RECORDS PROVIDED:
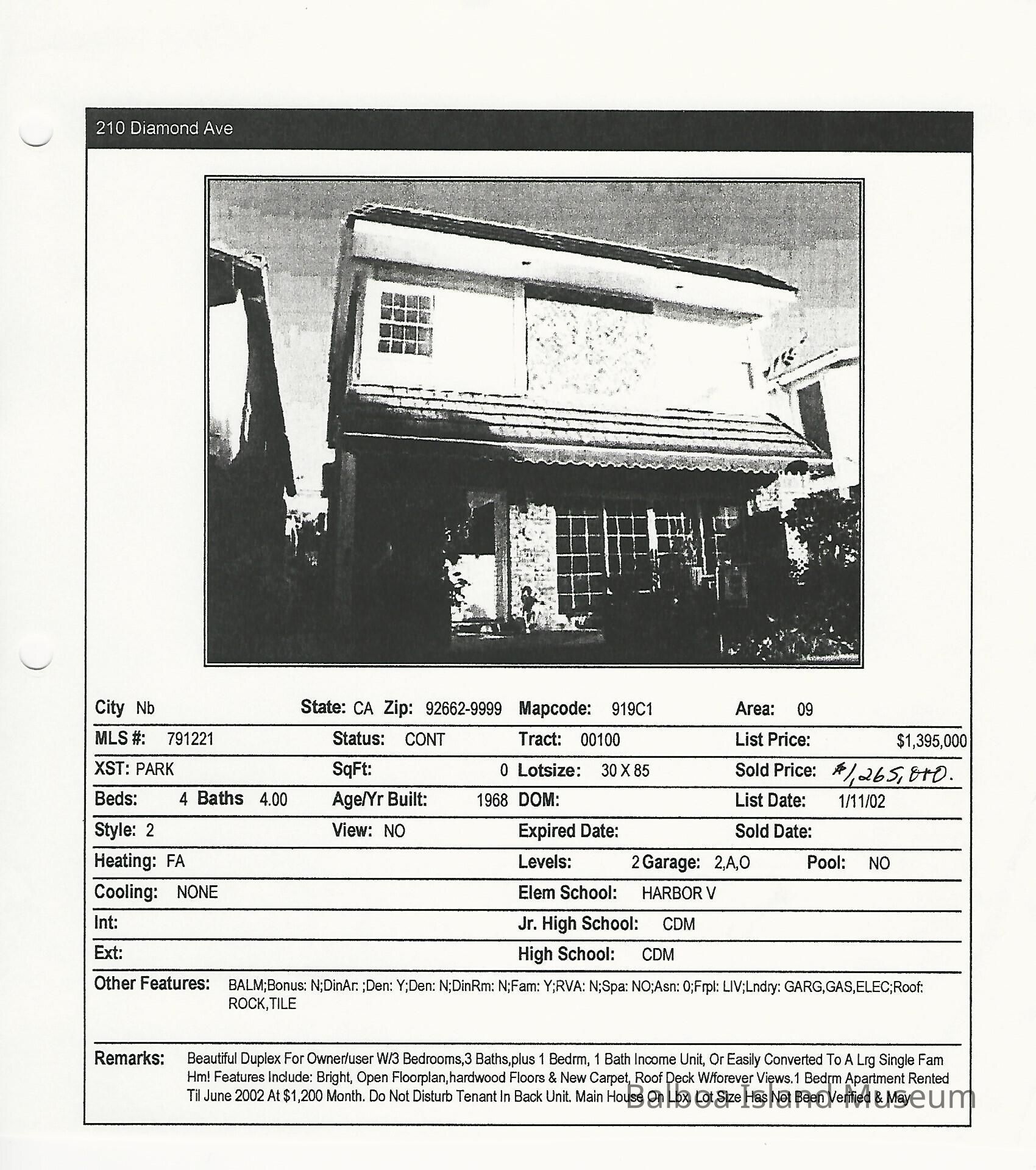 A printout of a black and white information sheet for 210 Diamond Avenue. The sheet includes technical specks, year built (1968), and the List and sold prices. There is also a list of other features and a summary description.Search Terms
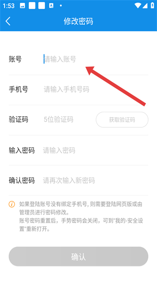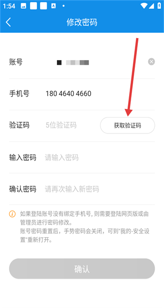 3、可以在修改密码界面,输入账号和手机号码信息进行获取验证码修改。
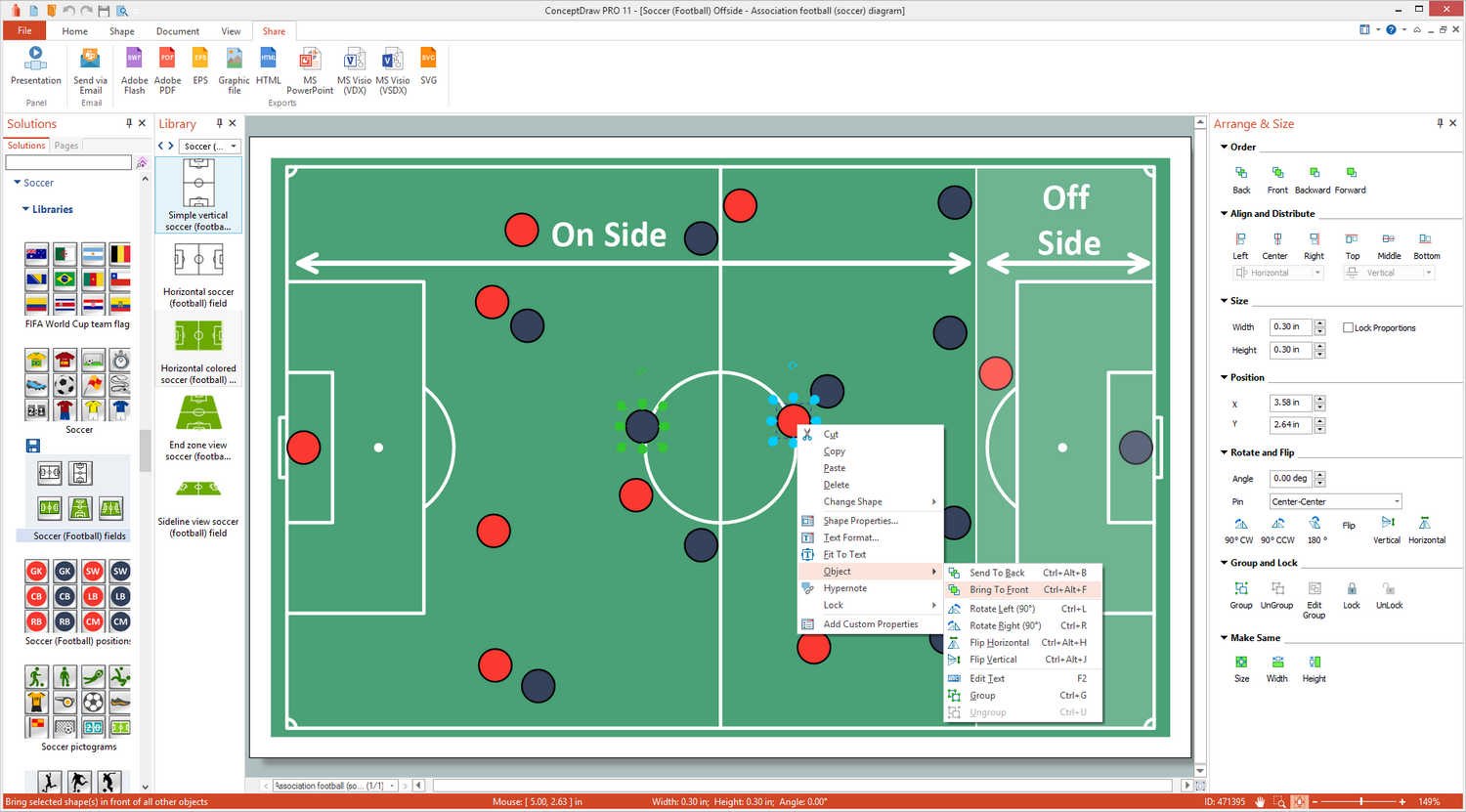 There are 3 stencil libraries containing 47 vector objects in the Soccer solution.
---
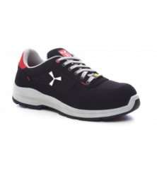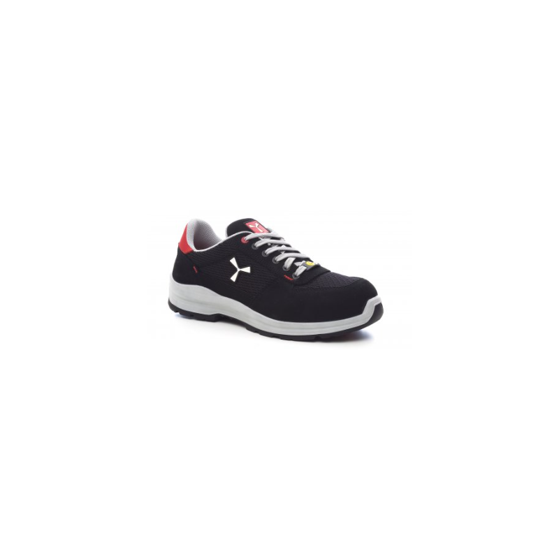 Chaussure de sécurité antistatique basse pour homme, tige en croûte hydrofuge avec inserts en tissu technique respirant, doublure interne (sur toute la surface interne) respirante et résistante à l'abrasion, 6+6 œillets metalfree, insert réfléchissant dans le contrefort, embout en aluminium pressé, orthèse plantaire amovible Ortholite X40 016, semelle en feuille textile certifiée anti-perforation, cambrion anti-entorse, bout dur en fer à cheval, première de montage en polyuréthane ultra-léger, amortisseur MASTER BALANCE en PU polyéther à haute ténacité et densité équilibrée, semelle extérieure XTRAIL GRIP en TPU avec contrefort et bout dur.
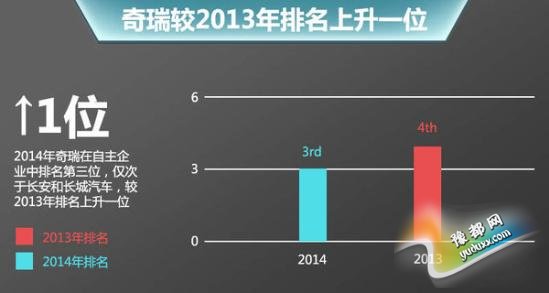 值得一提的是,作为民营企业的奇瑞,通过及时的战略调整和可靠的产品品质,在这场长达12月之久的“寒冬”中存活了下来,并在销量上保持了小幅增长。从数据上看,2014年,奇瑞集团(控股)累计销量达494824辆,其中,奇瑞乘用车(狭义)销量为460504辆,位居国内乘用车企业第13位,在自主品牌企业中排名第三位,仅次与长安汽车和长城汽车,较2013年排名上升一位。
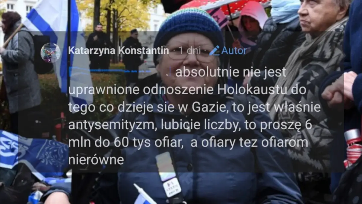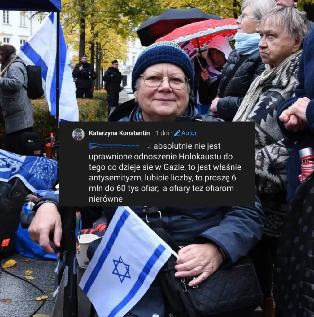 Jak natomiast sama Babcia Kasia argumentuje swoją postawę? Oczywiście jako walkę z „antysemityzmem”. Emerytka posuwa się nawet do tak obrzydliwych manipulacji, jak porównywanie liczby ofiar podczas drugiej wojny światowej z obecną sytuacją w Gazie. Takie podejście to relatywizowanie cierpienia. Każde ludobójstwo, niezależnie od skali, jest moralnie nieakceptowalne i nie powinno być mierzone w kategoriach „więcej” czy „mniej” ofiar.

INSTRUCTIONS FOR THE TASK: Reproduce the records above exactly, but only from the line with "A printout of" up to and including the line with "There are 3". Leave the pictures out.

FINISHED EXERCISE:
 A printout of a black and white information sheet for 210 Diamond Avenue. The sheet includes technical specks, year built (1968), and the List and sold prices. There is also a list of other features and a summary description.Search Terms
 3、可以在修改密码界面,输入账号和手机号码信息进行获取验证码修改。
 There are 3 stencil libraries containing 47 vector objects in the Soccer solution.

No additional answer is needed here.